WHAT IS REQUIRED:
Starting at the first line of the listing below, repeat each line up to and including the one containing "В квартире остается". Leave out pictures.

SOURCE DATA:
_ _ _ _ _
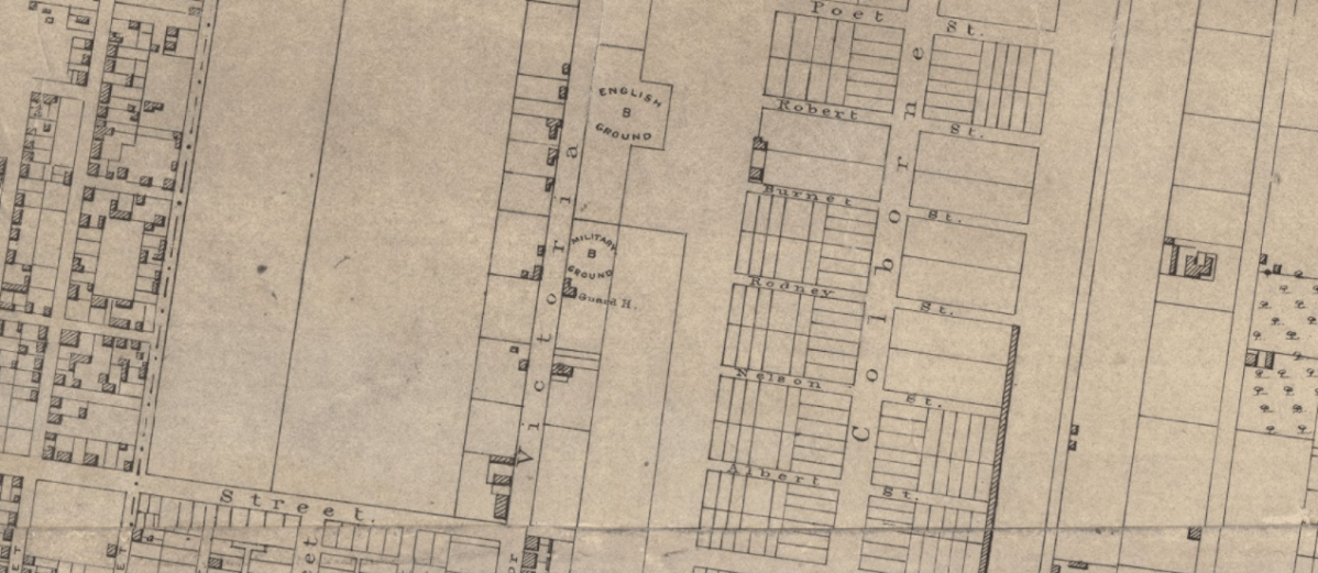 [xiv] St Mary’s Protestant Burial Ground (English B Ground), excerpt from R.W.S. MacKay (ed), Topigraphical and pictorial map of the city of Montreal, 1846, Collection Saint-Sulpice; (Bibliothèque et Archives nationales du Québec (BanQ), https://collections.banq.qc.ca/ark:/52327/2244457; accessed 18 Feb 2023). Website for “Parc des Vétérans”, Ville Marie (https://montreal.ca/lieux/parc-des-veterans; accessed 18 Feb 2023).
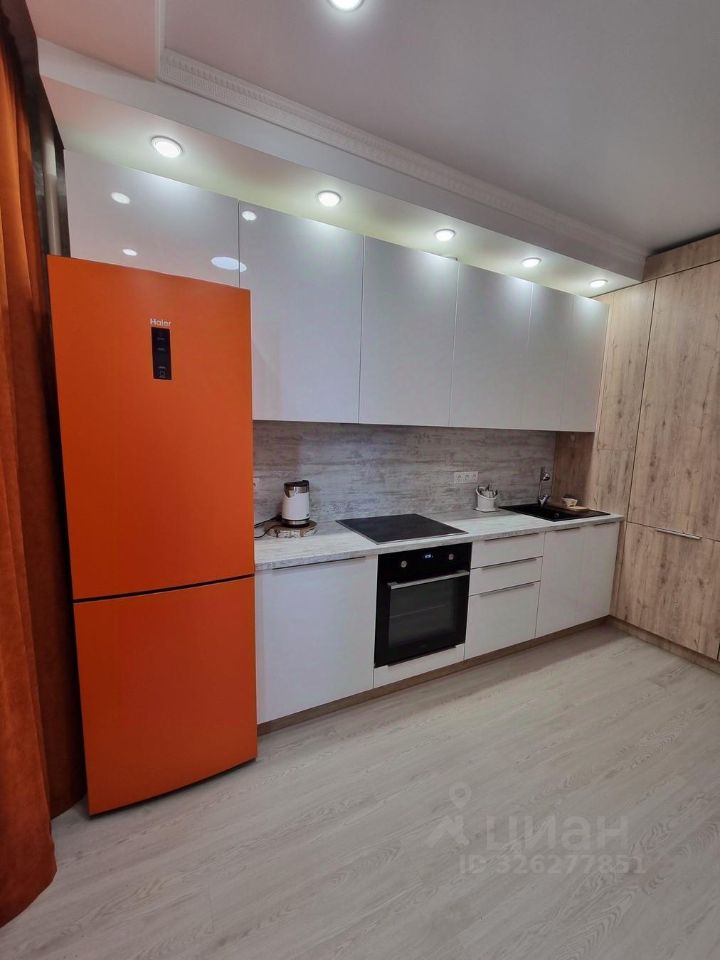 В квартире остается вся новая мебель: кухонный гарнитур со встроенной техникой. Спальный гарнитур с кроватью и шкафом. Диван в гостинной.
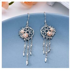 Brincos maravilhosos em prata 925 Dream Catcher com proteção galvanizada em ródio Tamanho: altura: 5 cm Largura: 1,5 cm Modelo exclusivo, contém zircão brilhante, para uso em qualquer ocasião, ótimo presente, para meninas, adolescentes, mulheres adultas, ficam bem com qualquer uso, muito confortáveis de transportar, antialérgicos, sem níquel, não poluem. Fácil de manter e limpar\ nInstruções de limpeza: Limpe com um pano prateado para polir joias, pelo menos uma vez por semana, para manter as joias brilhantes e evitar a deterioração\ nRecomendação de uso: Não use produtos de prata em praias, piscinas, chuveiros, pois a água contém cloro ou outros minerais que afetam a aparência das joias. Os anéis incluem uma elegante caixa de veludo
_ _ _ _ _
ANSWER TO THIS PROBLEM:
 [xiv] St Mary’s Protestant Burial Ground (English B Ground), excerpt from R.W.S. MacKay (ed), Topigraphical and pictorial map of the city of Montreal, 1846, Collection Saint-Sulpice; (Bibliothèque et Archives nationales du Québec (BanQ), https://collections.banq.qc.ca/ark:/52327/2244457; accessed 18 Feb 2023). Website for “Parc des Vétérans”, Ville Marie (https://montreal.ca/lieux/parc-des-veterans; accessed 18 Feb 2023).
 В квартире остается вся новая мебель: кухонный гарнитур со встроенной техникой. Спальный гарнитур с кроватью и шкафом. Диван в гостинной.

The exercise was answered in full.